In Key Stage 2, pupils expand their knowledge from the local area to include the United Kingdom, Europe and North and South America. Children will:

  • Further develop an understanding of subject specific vocabulary relating to human and physical geographical features of specific places and our globe.
  • Gain locational knowledge through learning about the countries of the world, their features and their major cities. Children will also learn about the counties of the United Kingdom and its key topographical features (including any change over time).
  • Develop their knowledge of place through the study of a region of the United Kingdom, a region of a European country and a region within North or South America.
  • Develop an understanding of physical geography and human geography with increasing depth.
  • Develop their geographical and fieldwork skills through their use of maps, atlases and globes and digital mapping to study the world. They will also use the eight points of a compass and four and six figure grid references.
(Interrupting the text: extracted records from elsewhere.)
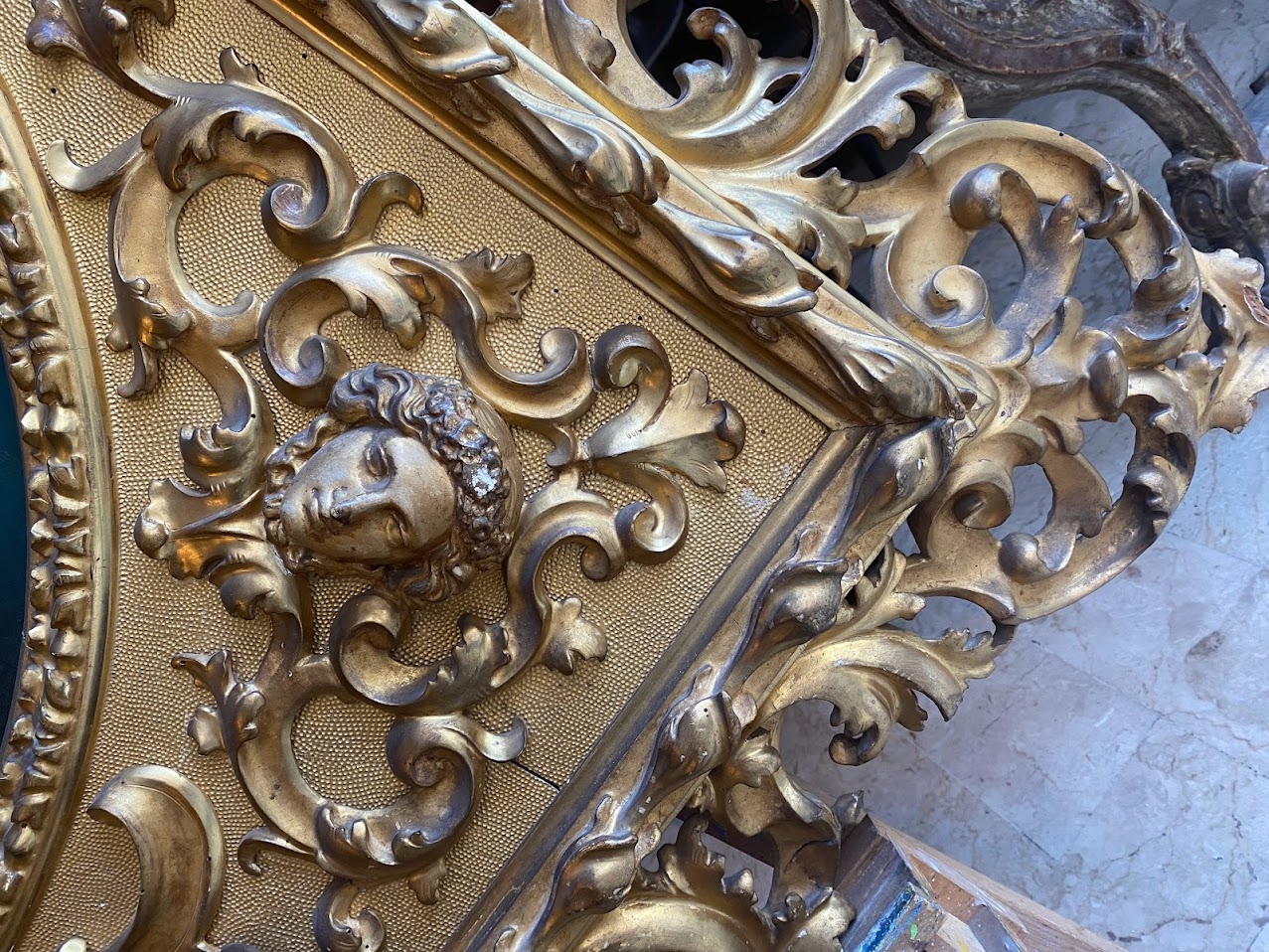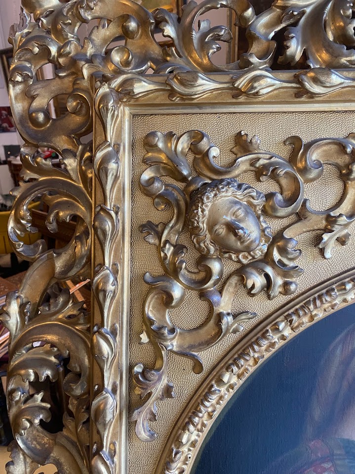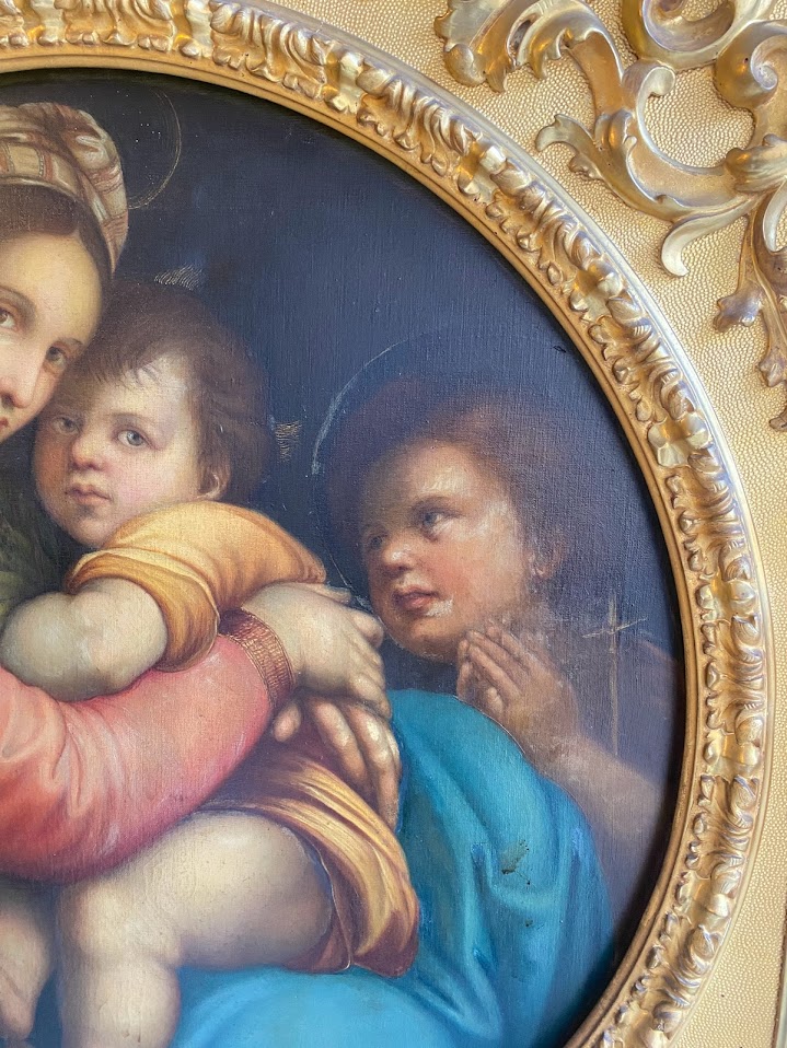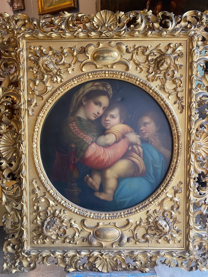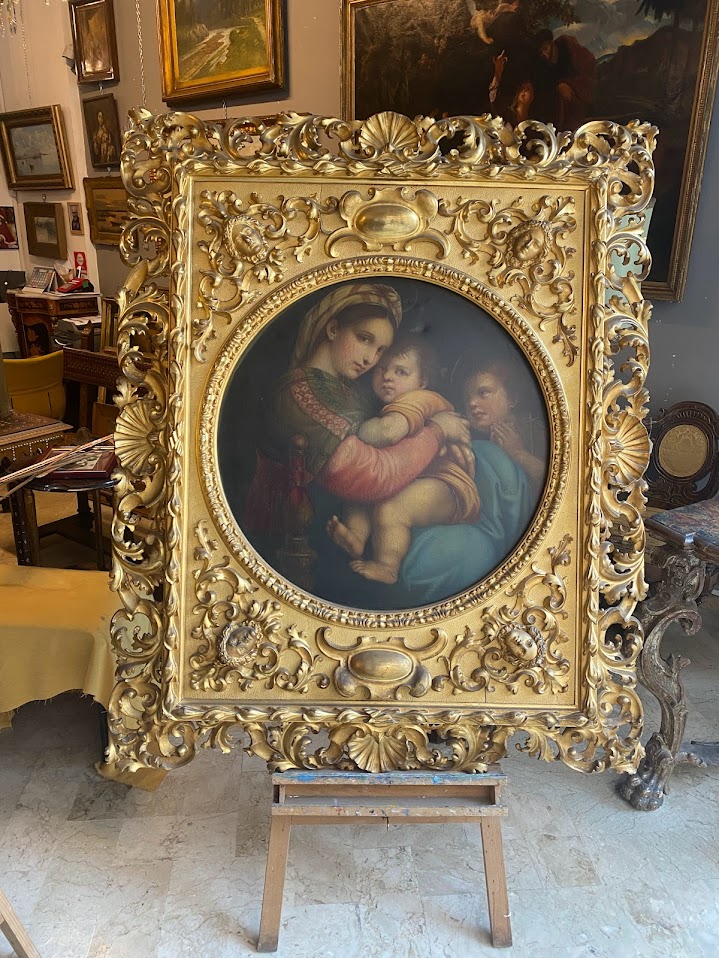Olio su tela raffigurante “Madonna della seggiola” con importante cornice in legno intagliata e dorata del XIX secolo.
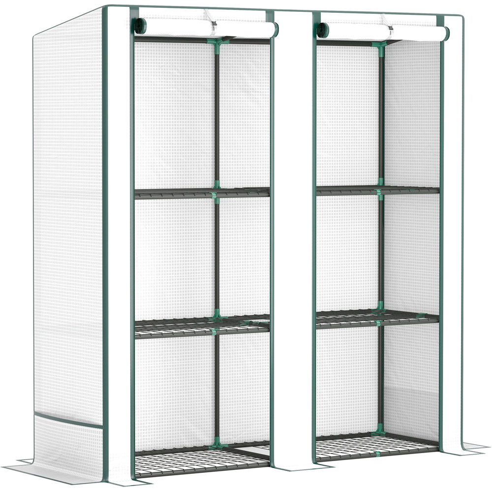 Outsunny White and Green 3 Shelf PE Cover Lean To Mini Greenhouse 4.7 x 1.5ft
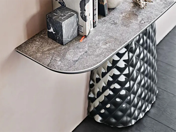 The unprecedented Trium console table makes an unmissable addition to a contemporary home. The base of this console is abundantly high fashion, crafted with a unique, attentive technique that shapes its mirror glass makeup into that quilted fabric look. Equally elegant is the ceramic top that brings great utility alongside its natural beauty. Decorate with clocks and lamps and keep some reading materials on display with the convenient space.
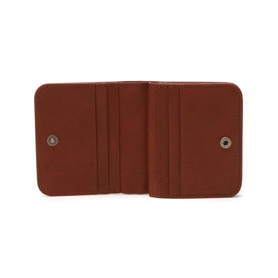 革本来の味わいを生かすためによりシンプルに仕上げられた「ラルゴ」シリーズ。こちらは、片手でも持ちやすい小ぶりの二つ折り財布です。小銭入れはボックス型で大きく開き出し入れがしやすいデザインに。コンパクトですが、カードや紙幣もしっかり収納できて実用的です。
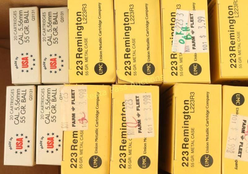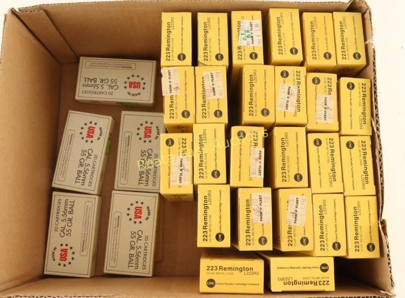 Includes; (25) boxes of UMC .223 55 grain metal case and (5) boxes of USA 5.56mm 55 grain ball.
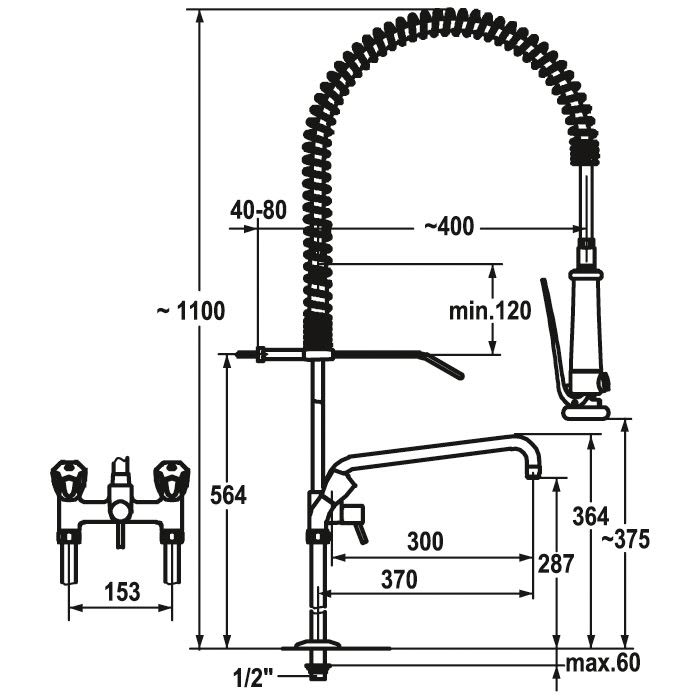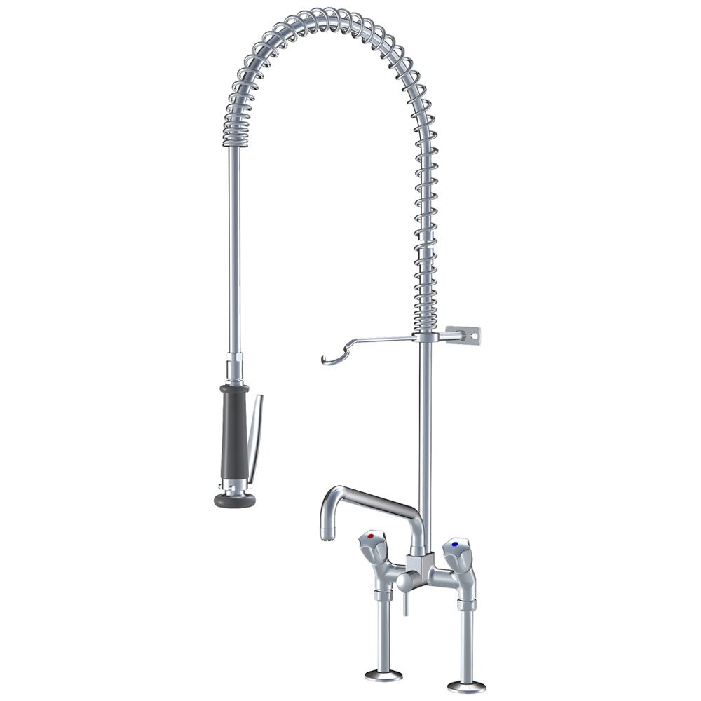 KWC Gastro Zweigriff-Spültisch-Brückenbatterie mit Geschirrwaschbrause und Schwenkauslauf für die Profiküche
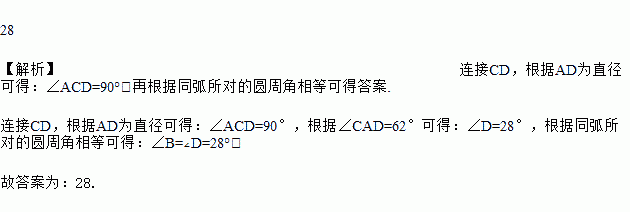 如图,△ABC的三个顶点都在⊙O上,AD是直径,且∠CAD=62°,则∠B的度数为_______.
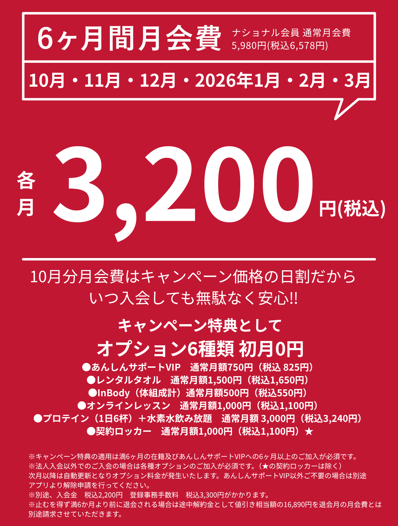 平日:11:00~15:00・16:00~20:00 土祝:11:00~15:00・16:00~18:00 ※毎週金曜日、日曜日は終日スタッフ不在です。 [2025年4月1日からのスタッフ受付時間] スタッフ不在日を追加し下記時間での受付と変更させて頂きます。 平日:11:00~15:00・16:00~20:00 土・祝:11:00~15:00・16:00~18:00 ※毎週金・日曜日は終日スタッフ不在です。 ※ご入会はJOYFITアプリからとなっています。HP内の「入会のお手続きをする」からお進みください。 |
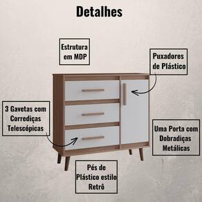 A Cômoda Mila combina elegância com funcionalidade. Seu design sofisticado e acabamento impecável oferecem durabilidade e estilo atemporal para qualquer ambiente. Com uma porta e 3 gavetas espaçosas, é a escolha ideal para quem busca organização sem abrir mão do charme na decoração do lar.
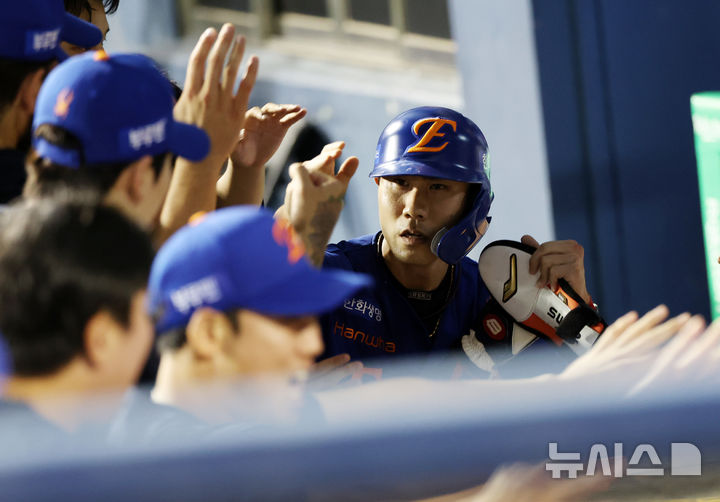 [서울=뉴시스] 조성우 기자 = 10일 오후 서울 송파구 잠실야구장에서 열린 2025 KBO리그 한화 이글스와 LG 트윈스의 경기, 한화 9회초 공격 1사 주자 3루서 리베라토의 1타점 희생타 때 3루주자 심우준이 홈에서 세이프된 뒤 동료들과 하이파이브하고 있다. 2025.08.10. [email protected]
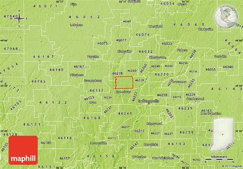 Physical Map of ZIP Code 46254
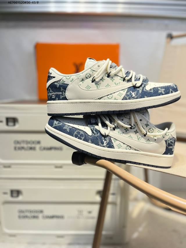 公司级头层皮Lv X 乔丹Air Jordan 1 Low Aj1低帮系列篮球鞋 官方同步配色 原装级产物 #拒绝公底 立体鞋型 细节完美 高清洁度Yx5066
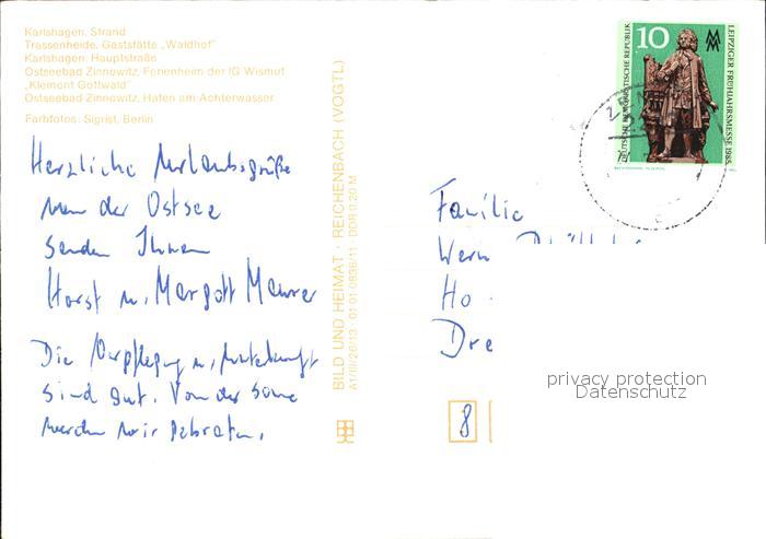 72406220 alte Postkarte Usedom Mecklenburg-Vorpommern Karlshagen Strand Hauptstrasse Trassenheide Gaststaette Waldhof Zinnowitz Ferienheim IG Wismut Hafen Achterwasser postalisch gelaufen Erhaltung siehe scans KatCode: 11110013059097

School visits can be used to maximise this learning.
  • Find out about the local area by observing, measuring and recording the human and physical geographical features in the area and present these in a range of ways.

Extra Information

Click here to view the Geography Policy 2016

Click here for the guidance on the Geography National Curriculum from the DfE

Art and DT

Purpose of study

Art, craft and design embody some of the highest forms of human creativity. A high-quality art and design education should engage, inspire and challenge pupils, equipping them with the knowledge and skills to experiment, invent and create their own works of art, craft and design. As pupils progress, they should be able to think critically and develop a more rigorous understanding of art and design. They should also know how art and design both reflect and shape our history, and contribute to the culture, creativity and wealth of our nation.

Aims

The national curriculum for art and design aims to ensure that all pupils:

  • produce creative work, exploring their ideas and recording their experiences
  • become proficient in drawing, painting, sculpture and other art, craft and design techniques
  • evaluate and analyse creative works using the language of art, craft and design
  • know about great artists, craft makers and designers, and understand the historical and cultural development of their art forms

Attainment targets

By the end of each key stage, pupils are expected to know, apply and understand the matters, skills and processes specified in the relevant programme of study

Art Day 2015

In the summer Bishop Alexander held its first Art Day. Children from Foundation to Year 6 found out about an artist and had an opportunity to practise and apply skills in the style of their artist. Key Stage 1 have their final pieces; owls made from each child’s lino print in the style of William Morris, which can be found hanging in the corridor.